Cytoskeletons of pkaR mutant cells. 3D-DIAS reconstructions revealed that pkaR mutant cells were constitutively ovoid, suggesting a defect in their cytoskeletons. We therefore examined the distribution of the major cytoskeletal elements F-actin, myosin II, and tubulin. Phalloidin-stained F-actin localized to the pseudopods of Ax4 cells translocating in buffer (Fig. 9A and B). In the front of a temporal wave of cAMP, F-actin localized to the cortex as well as to the pseudopods (Fig. 9C and D).
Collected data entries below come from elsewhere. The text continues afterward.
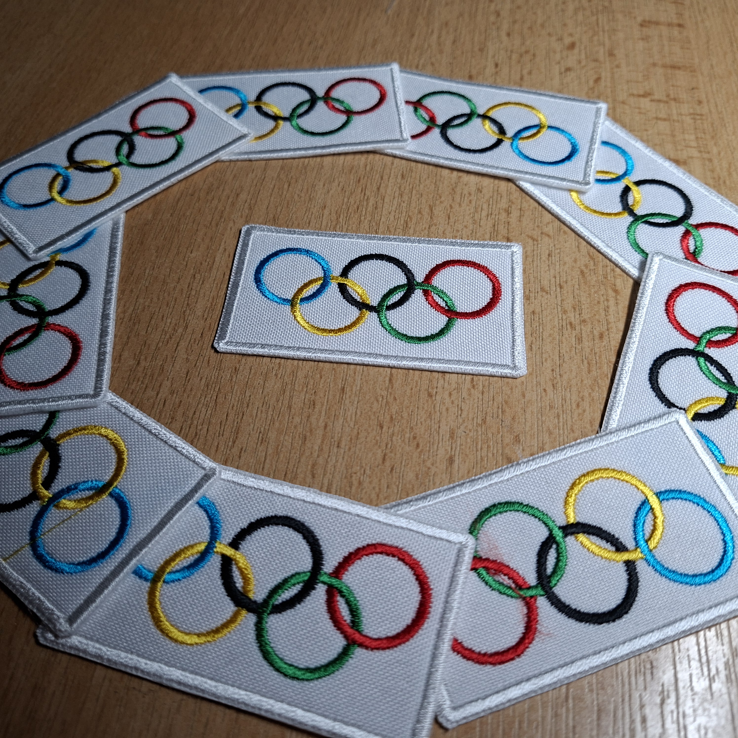 Šesť farebná vyšívaná nášivka olympijských kruhov.
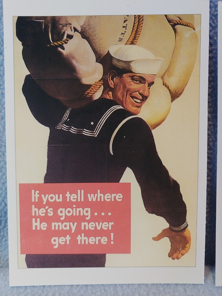 These are 2001 reproductions of wartime cards in very good condition. Size isn't exact. Very suitable for framing You will receive the exact 2 post cards shown in the photos. They will be shipped in a protective plastic sleeve in a 6"×9" envelope. Look closely at all of the photos for the best description and feel free to ask questions. I pack carefully and ship promptly with tracking. I offer combined shipping. A refund after the sale is really the best way to get the lowest shipping cost. Be sure to check out my other cards and postcards in my shop category "Postcards & Cards". I also have many other interesting items in my store. Thanks for looking!
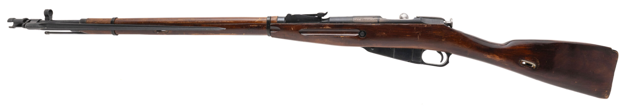 Serial No. 9130487049 (importer original serial numbers are matching), made in 1942, 7.62x54R, 29” round barrel. Bore is bright with strong rifling visible. Left side of the receiver is import marked. Expected handling and storage wear is noted on the finish and stock. Overall, very good plus condition, action is smooth and functions correctly. Rifle comes with bayonet.
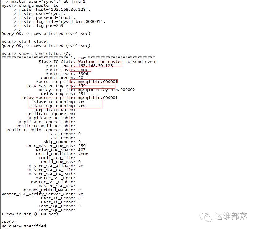 change master to master_host='192.168.30.128', //master的ip master_user='sync', //master授予的用户名称 master_password='root', //密码 master_log_file='mysql-bin.000001', //master的binlog名称 master_log_pos=259;//位置

In spite of the difference in cell shape, the same localization patterns were evident in pkaR mutant cells in buffer (Fig. 9E and F) and in the front of a temporal wave of cAMP (Fig. 9G and H). In the case of pkaR mutant cells, confocal 3D projections were used to distinguish F-actin localization in the complex pseudopods extended off the substratum (data not shown). Antibody-stained myosin II was distributed throughout the cytoplasm of Ax4 cells translocating in buffer, with some punctate cortical localization (Fig. 9I and J). In the front of a temporal wave, there was a reproducible increase in cortical localization (Fig. 9K and L). Myosin II was also distributed throughout the cytoplasm of pkaR mutant cells in buffer (Fig. 9M and N). In the front of a temporal wave of cAMP, there was an increase in cortical staining (Fig. 9O and P) similar to that in Ax4 cells (Fig. 9K and L). Antibody-stained microtubules were found to emanate from a single microtubule organizing center (MTOC) in Ax4 cells, extending along the long axis of cells translocating in buffer (Fig. 9Q to S). In the minority of Ax4 cells that were round, microtubules radiating from the single MTOC conformed to the round shape of the cell (Fig. 9T). Microtubles in pkaR mutant cells also emanated from a single MTOC and conformed to the round shape of the cell (Fig. 9U to W) in a manner similar to that of round Ax4 cells (Fig. 9T). These studies of static cytoskeletal organization revealed no obvious abnormalities in pkaR mutant cells other than conformity to the constitutive ovoid cell shape.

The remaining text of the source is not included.